§ What you need to do
Only one stretch of the material below is wanted: everything from the line containing "Vintage bouquet of" down to the line containing "Hakko verdient ebenfalls", both ends included. Repeat it exactly and skip the pictures.

§ Provided entries
^^^^^^^^^^^^^^^^
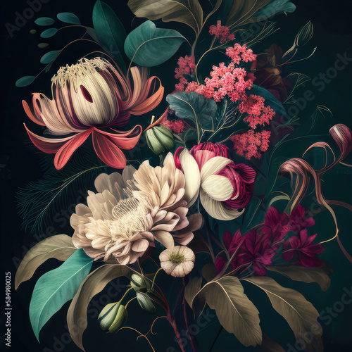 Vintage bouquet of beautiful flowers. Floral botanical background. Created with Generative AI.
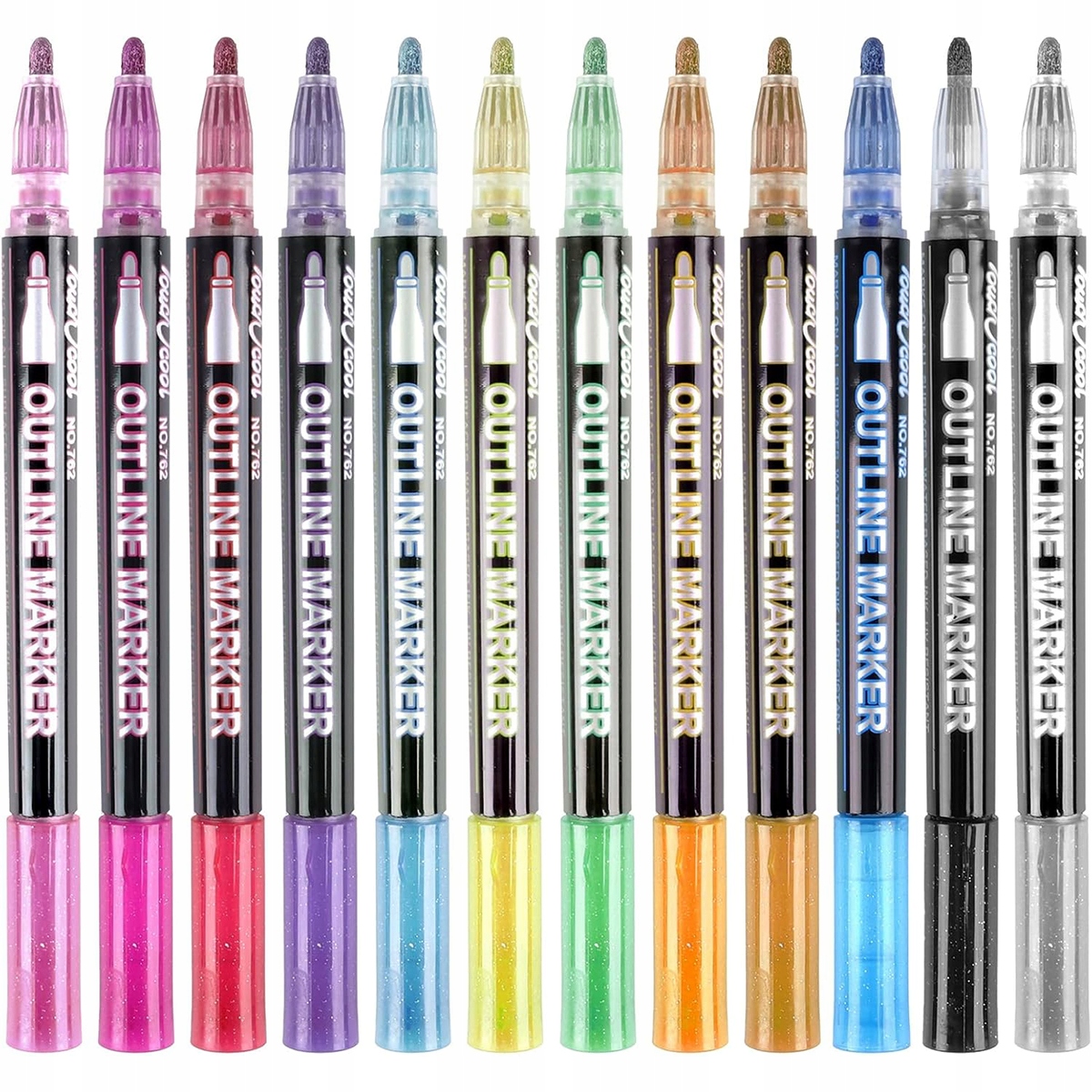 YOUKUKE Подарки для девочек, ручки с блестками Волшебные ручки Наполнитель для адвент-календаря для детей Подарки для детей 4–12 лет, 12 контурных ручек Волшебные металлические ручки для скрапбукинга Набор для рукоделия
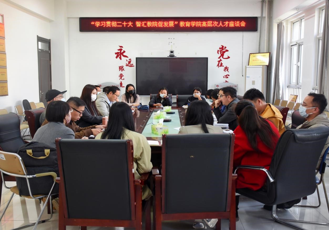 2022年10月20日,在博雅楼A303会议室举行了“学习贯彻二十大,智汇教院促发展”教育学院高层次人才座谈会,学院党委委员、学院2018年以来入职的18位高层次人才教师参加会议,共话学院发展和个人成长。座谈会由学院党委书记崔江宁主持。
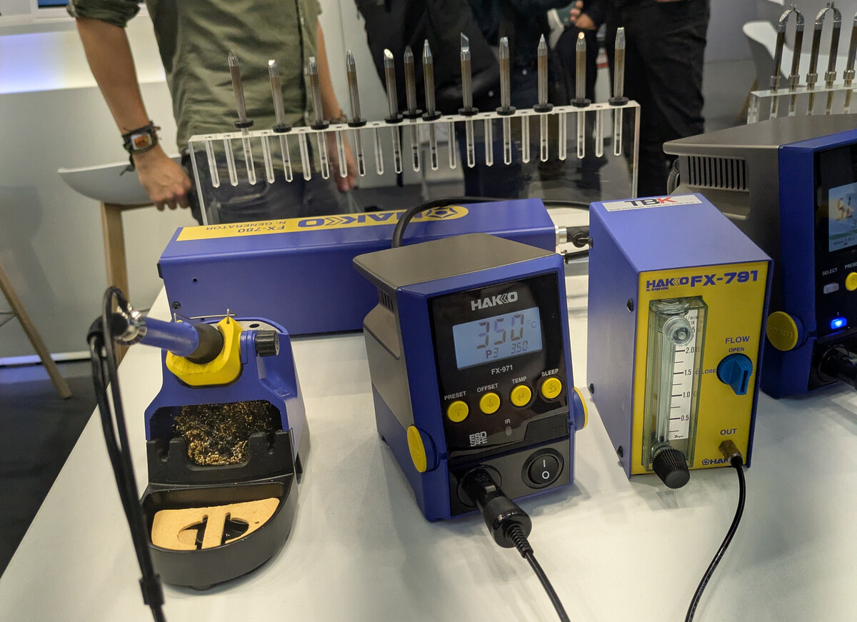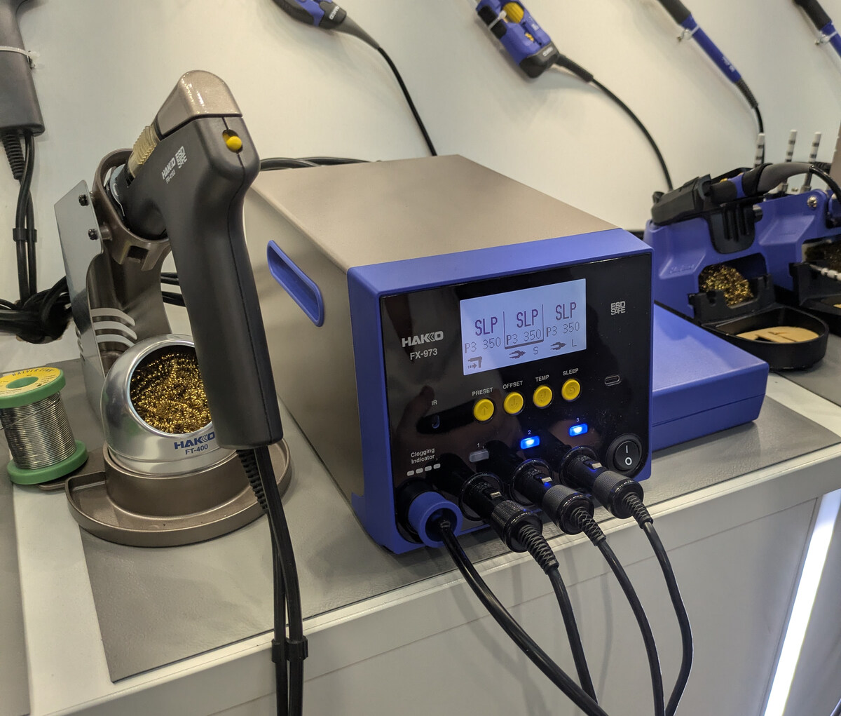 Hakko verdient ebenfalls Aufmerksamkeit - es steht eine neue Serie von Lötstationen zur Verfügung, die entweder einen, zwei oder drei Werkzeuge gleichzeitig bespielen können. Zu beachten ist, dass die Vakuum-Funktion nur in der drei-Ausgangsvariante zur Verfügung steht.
^^^^^^^^^^^^^^^^
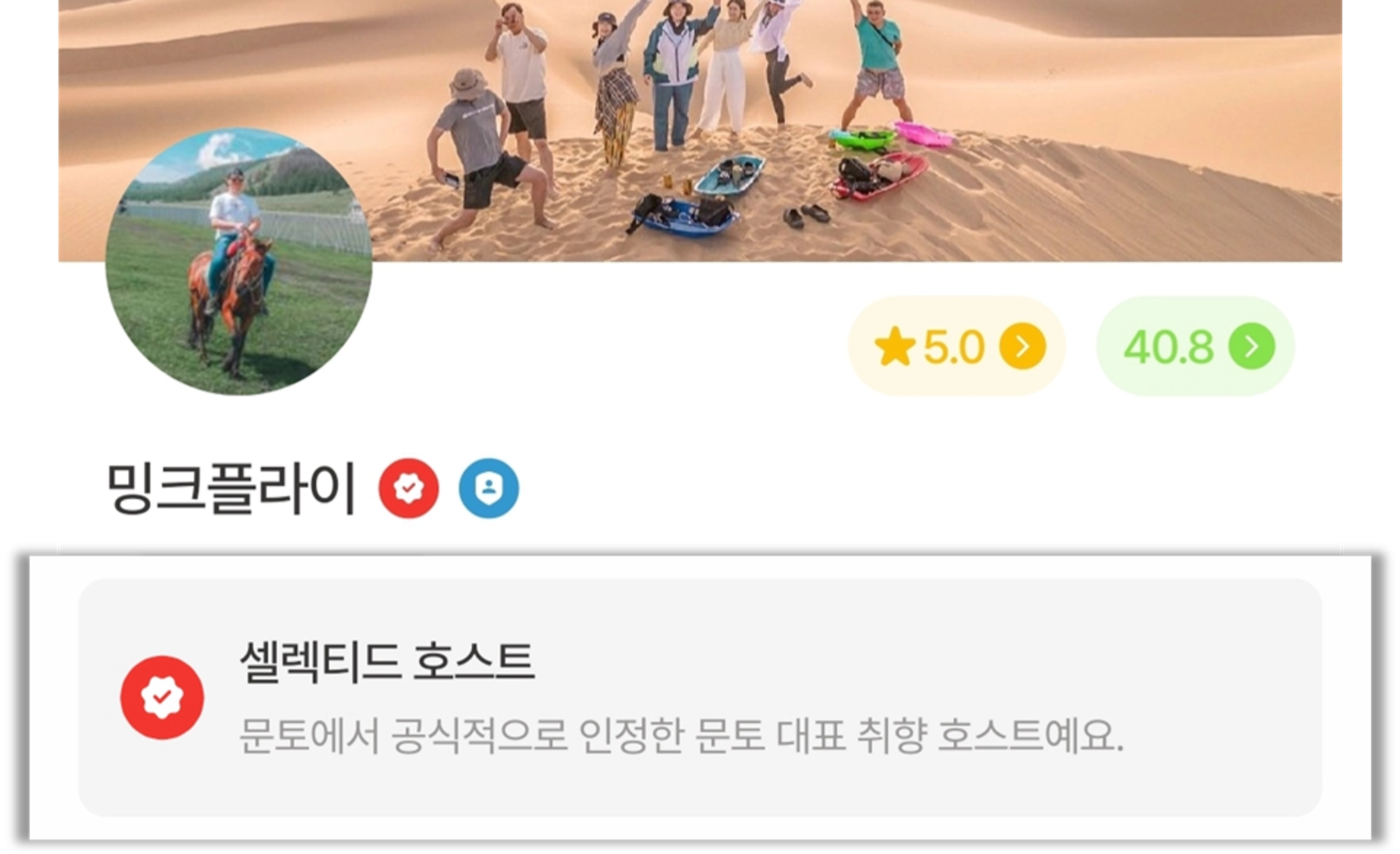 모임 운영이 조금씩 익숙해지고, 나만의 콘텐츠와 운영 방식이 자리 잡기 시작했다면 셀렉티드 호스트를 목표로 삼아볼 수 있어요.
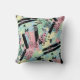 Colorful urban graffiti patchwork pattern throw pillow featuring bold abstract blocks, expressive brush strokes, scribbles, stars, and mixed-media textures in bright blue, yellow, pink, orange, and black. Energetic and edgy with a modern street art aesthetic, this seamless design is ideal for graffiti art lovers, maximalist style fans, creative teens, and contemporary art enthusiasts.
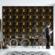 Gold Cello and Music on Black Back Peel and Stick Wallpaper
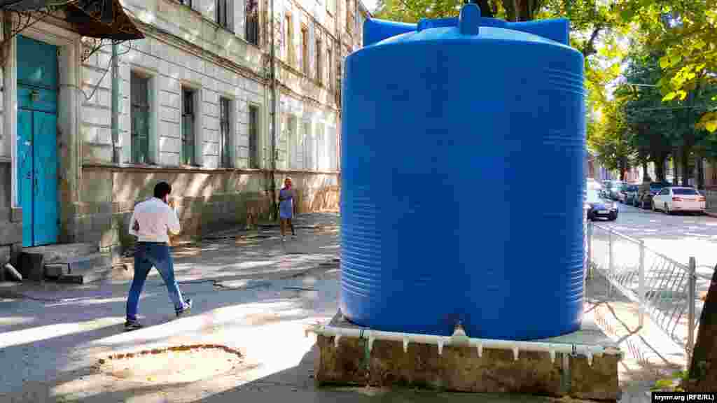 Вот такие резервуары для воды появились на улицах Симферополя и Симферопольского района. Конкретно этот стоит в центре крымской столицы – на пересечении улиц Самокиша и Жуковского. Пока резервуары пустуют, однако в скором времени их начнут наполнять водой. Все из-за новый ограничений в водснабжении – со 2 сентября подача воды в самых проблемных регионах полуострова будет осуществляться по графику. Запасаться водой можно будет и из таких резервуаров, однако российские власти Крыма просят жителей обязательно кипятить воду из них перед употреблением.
^^^^^^^^^^^^^^^^
§ Solution to the problem
 Vintage bouquet of beautiful flowers. Floral botanical background. Created with Generative AI.
 YOUKUKE Подарки для девочек, ручки с блестками Волшебные ручки Наполнитель для адвент-календаря для детей Подарки для детей 4–12 лет, 12 контурных ручек Волшебные металлические ручки для скрапбукинга Набор для рукоделия
 2022年10月20日,在博雅楼A303会议室举行了“学习贯彻二十大,智汇教院促发展”教育学院高层次人才座谈会,学院党委委员、学院2018年以来入职的18位高层次人才教师参加会议,共话学院发展和个人成长。座谈会由学院党委书记崔江宁主持。
 Hakko verdient ebenfalls Aufmerksamkeit - es steht eine neue Serie von Lötstationen zur Verfügung, die entweder einen, zwei oder drei Werkzeuge gleichzeitig bespielen können. Zu beachten ist, dass die Vakuum-Funktion nur in der drei-Ausgangsvariante zur Verfügung steht.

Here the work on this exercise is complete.